A explicação era clara, mas cheia de camadas. As palavras de Beatriz tinham peso. Ela me guiava por um labirinto de ideias com leveza, como se eu flutuasse ao lado dela, absorvendo tudo.
— Sobre a segunda questão, o tal retorno das almas às estrelas — ela disse — , isso não é literal. Platão falava de forma simbólica. Ele se referia à influência dos astros sobre as almas, não a um retorno físico.
Eu começava a entender, mas outra dúvida se formava. Beatriz percebeu antes mesmo que eu dissesse.
— A violência só é desculpável quando a vontade de quem sofre não colabora em nada. Mas aquelas almas que você viu poderiam ter resistido, como São Lourenço ou Muzio Scevola. Ambos mantiveram a vontade firme mesmo sob tortura.
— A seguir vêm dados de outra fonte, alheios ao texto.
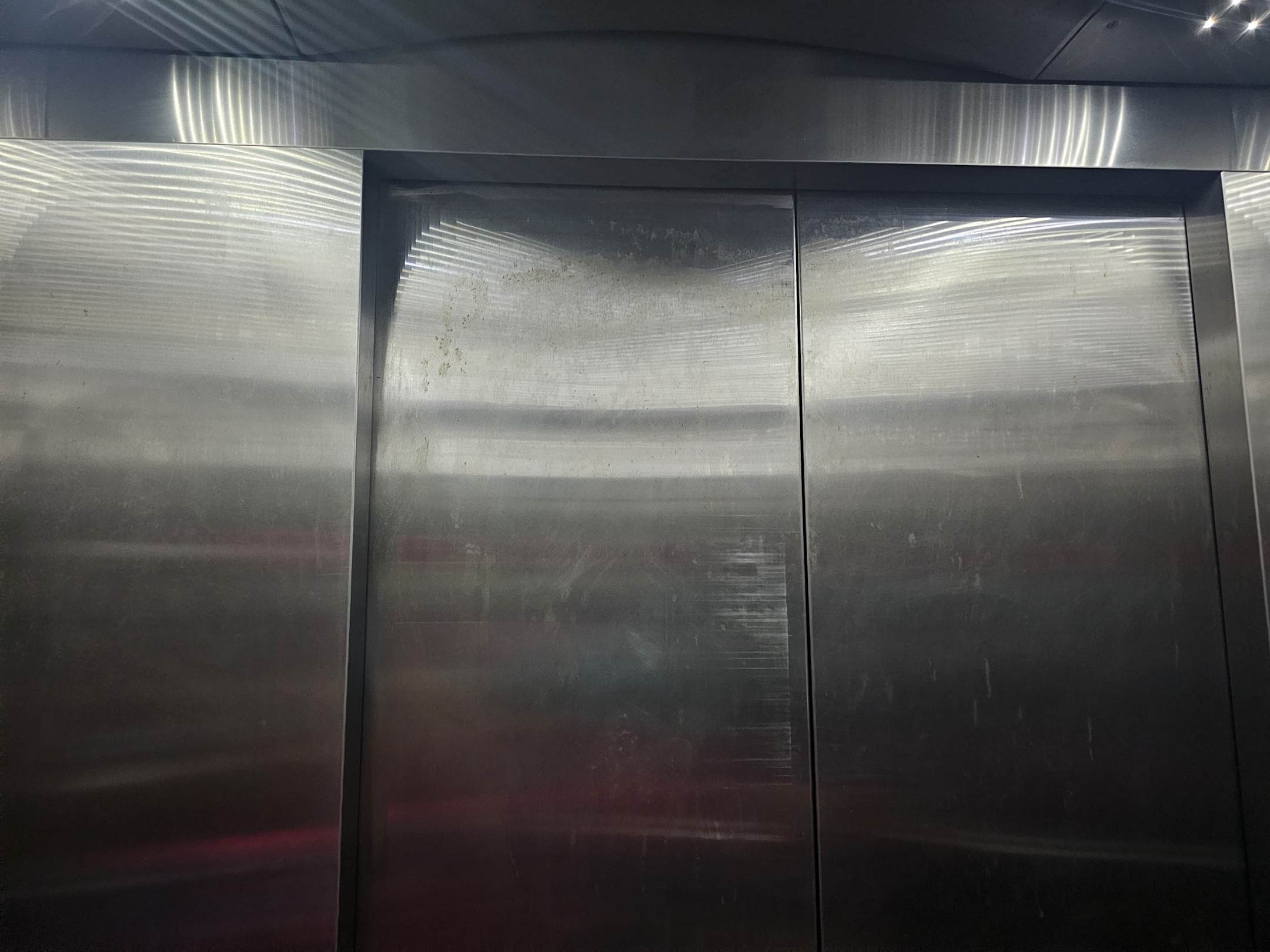 Die Aufzugsinnenwände (alle Aufzüge sehen so aus) mit undefinierbaren braunen Flecken.

As palavras de Beatriz me atingiram como uma onda, soltando os nós na mente. Ela queria que eu entendesse que, mesmo sob pressão, a vontade humana ainda tem algum controle. Ainda há escolha, mesmo que mínima.
— Agora você entende — disse ela, mais suave — por que aquelas almas não podem ser completamente desculpadas pela violência. Suas vontades cederam, ainda que pouco. É por isso que estão onde estão.
Começava a encontrar respostas, mas algo ainda me incomodava. Havia um contraste entre o que Beatriz dizia e o que Picarda havia falado sobre força e violência. Mais uma vez, Beatriz se adiantou.
— Picarda falou da vontade absoluta — explicou ela — , e eu me referi à vontade relativa — aquela que cede por medo de algo pior. As duas estão certas, mas falam de contextos diferentes.
A clareza dela era desconcertante. Beatriz desfazia dilemas complexos com uma simplicidade desconcertante. E mesmo assim, eu sentia que só arranhava a superfície do que ela queria me mostrar.
— Ó amada do primeiro amor — murmurei, sem perceber, com a voz tomada por reverência — , você ilumina minha mente e meu coração de um jeito que eu nunca imaginei possível. Não sei como agradecer.
Ela me olhou com uma intensidade que fez minha alma tremer. Eu entendi, ali, que estava diante de algo que ultrapassava todas as minhas preocupações. O que antes parecia inalcançável agora estava ao meu alcance. Bastava estender a mão e aceitar o que me era oferecido.
Mas ainda restava uma última pergunta. Com o coração acelerado, olhei para Beatriz.
— Uma pessoa pode compensar as promessas não cumpridas com outros atos? Dá pra equilibrar a balança divina assim?
Ela me olhou com aqueles olhos carregados de uma luz indescritível. Por um instante, quase me perdi no brilho daquele olhar. As faíscas de amor que emanavam dela eram tão fortes que minhas forças fraquejaram. Precisei desviar o olhar, vencido pela intensidade da sua presença.
Quase me perdi. Mas sabia que ela logo me guiaria de novo.